== INPUT ==
=== Section Start ===
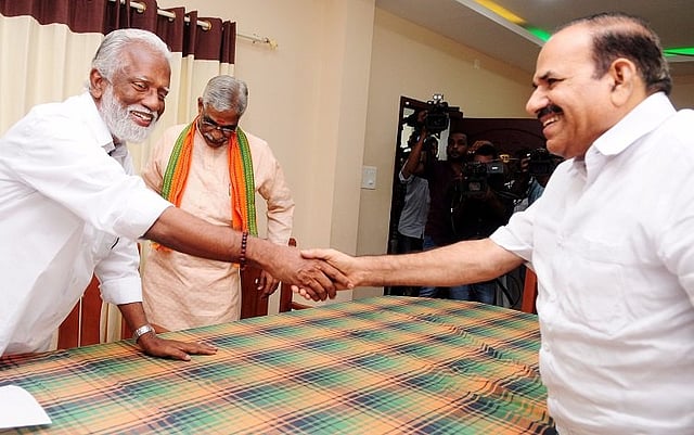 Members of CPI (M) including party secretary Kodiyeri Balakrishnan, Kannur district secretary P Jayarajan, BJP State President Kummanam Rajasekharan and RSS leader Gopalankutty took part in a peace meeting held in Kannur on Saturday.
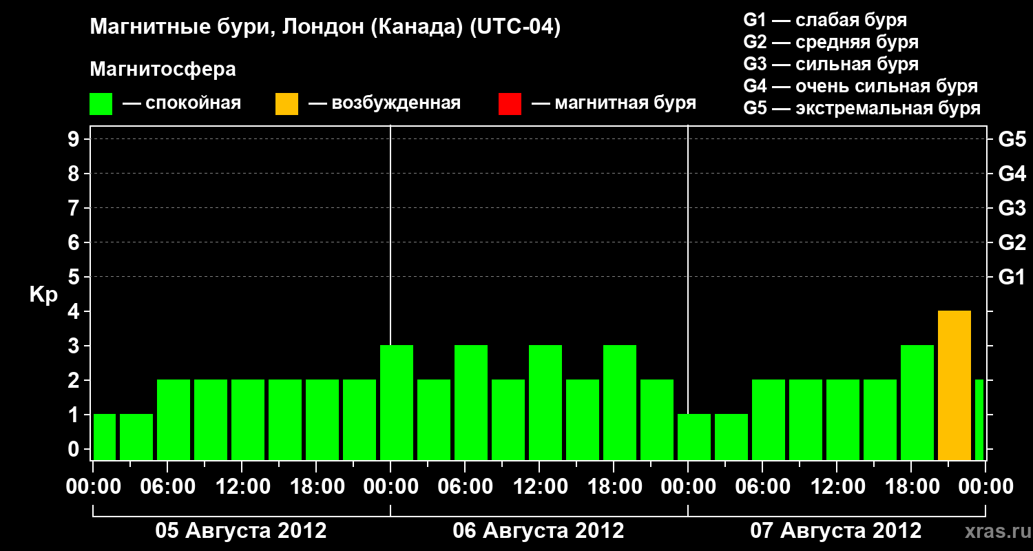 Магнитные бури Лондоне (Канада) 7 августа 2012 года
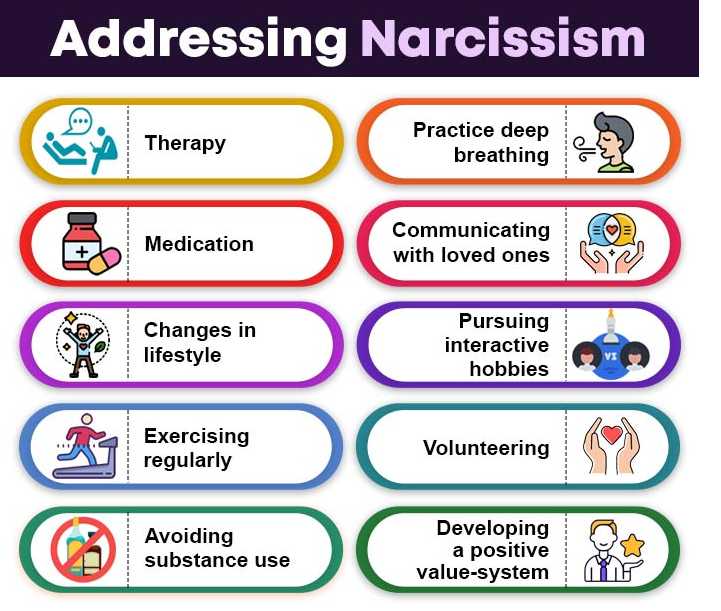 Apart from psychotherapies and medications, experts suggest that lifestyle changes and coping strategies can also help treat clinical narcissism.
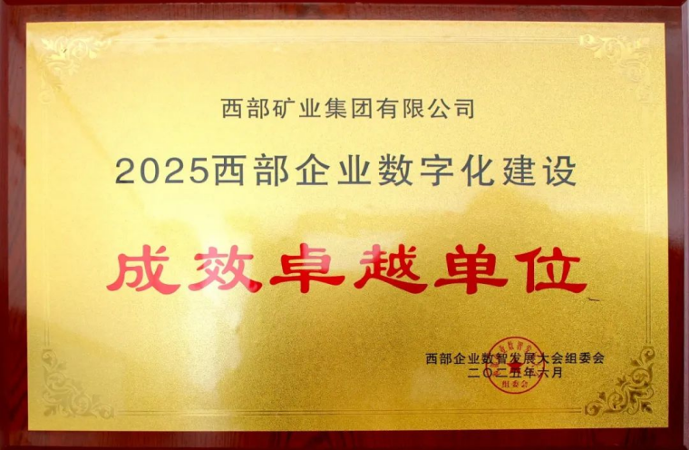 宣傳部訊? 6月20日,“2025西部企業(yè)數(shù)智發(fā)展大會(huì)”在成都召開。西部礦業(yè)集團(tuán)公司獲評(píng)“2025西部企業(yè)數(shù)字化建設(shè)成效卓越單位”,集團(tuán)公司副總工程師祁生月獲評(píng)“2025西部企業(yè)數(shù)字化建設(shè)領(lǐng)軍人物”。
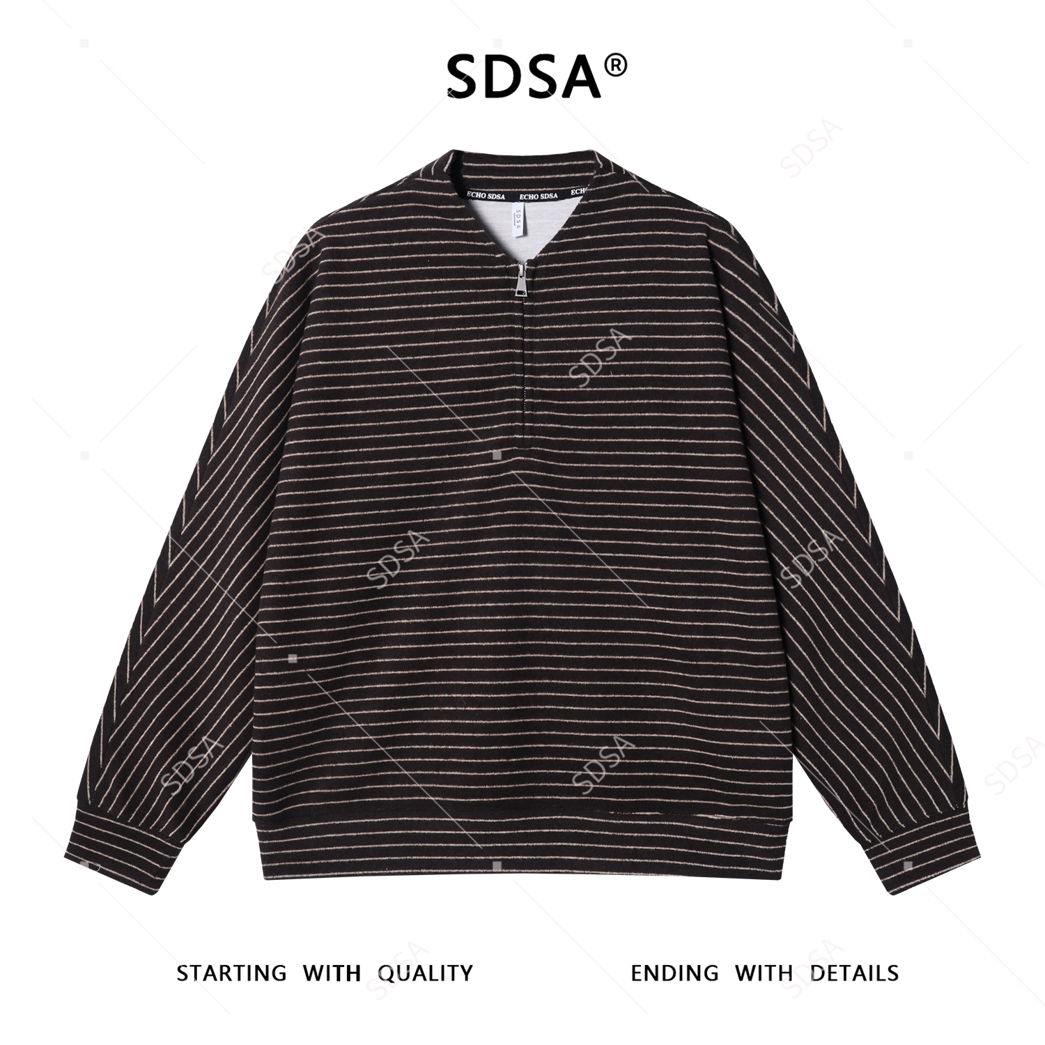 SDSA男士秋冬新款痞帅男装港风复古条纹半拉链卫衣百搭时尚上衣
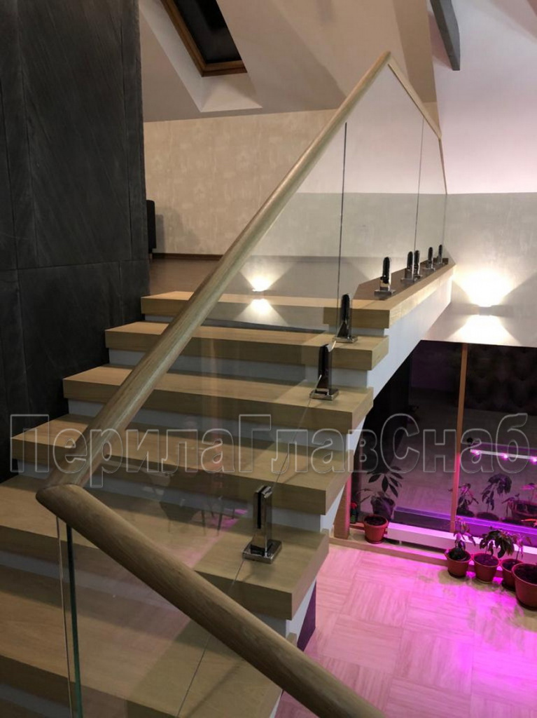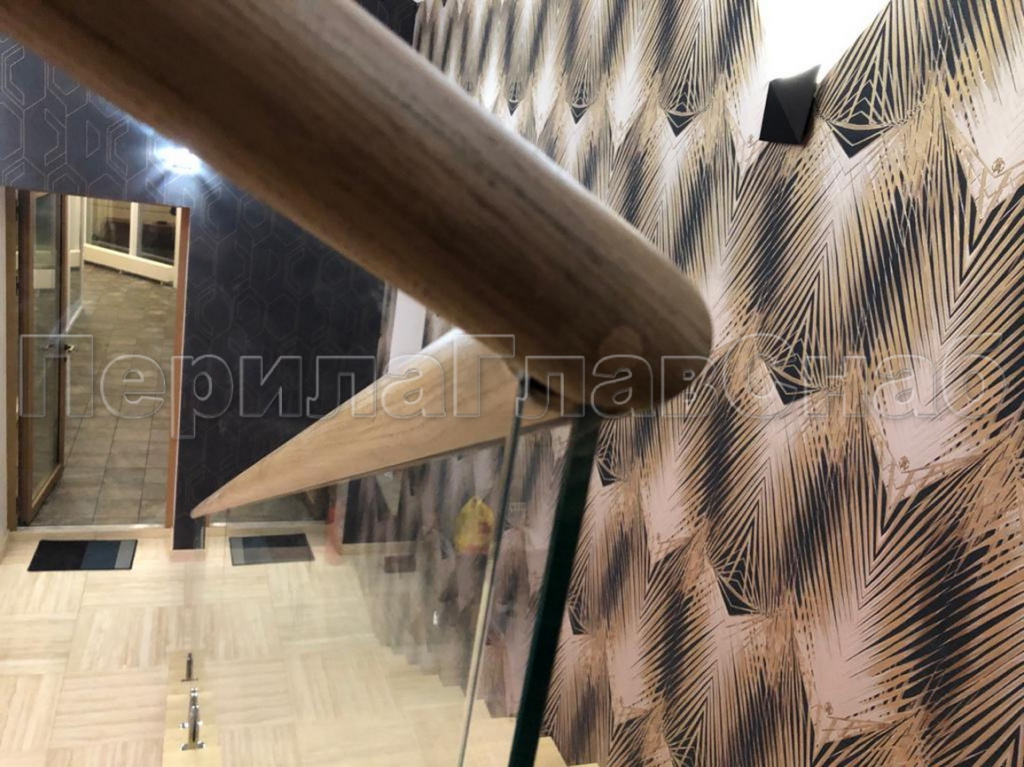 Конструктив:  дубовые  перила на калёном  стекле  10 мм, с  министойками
=== Section End ===
== EXERCISE DIRECTIONS ==
Repeat all the data as it stands, dropping any images it holds.

== SOLUTION FOR THIS EXERCISE ==
 Members of CPI (M) including party secretary Kodiyeri Balakrishnan, Kannur district secretary P Jayarajan, BJP State President Kummanam Rajasekharan and RSS leader Gopalankutty took part in a peace meeting held in Kannur on Saturday.
 Магнитные бури Лондоне (Канада) 7 августа 2012 года
 Apart from psychotherapies and medications, experts suggest that lifestyle changes and coping strategies can also help treat clinical narcissism.
 宣傳部訊? 6月20日,“2025西部企業(yè)數(shù)智發(fā)展大會(huì)”在成都召開。西部礦業(yè)集團(tuán)公司獲評(píng)“2025西部企業(yè)數(shù)字化建設(shè)成效卓越單位”,集團(tuán)公司副總工程師祁生月獲評(píng)“2025西部企業(yè)數(shù)字化建設(shè)領(lǐng)軍人物”。
 SDSA男士秋冬新款痞帅男装港风复古条纹半拉链卫衣百搭时尚上衣
 Конструктив:  дубовые  перила на калёном  стекле  10 мм, с  министойками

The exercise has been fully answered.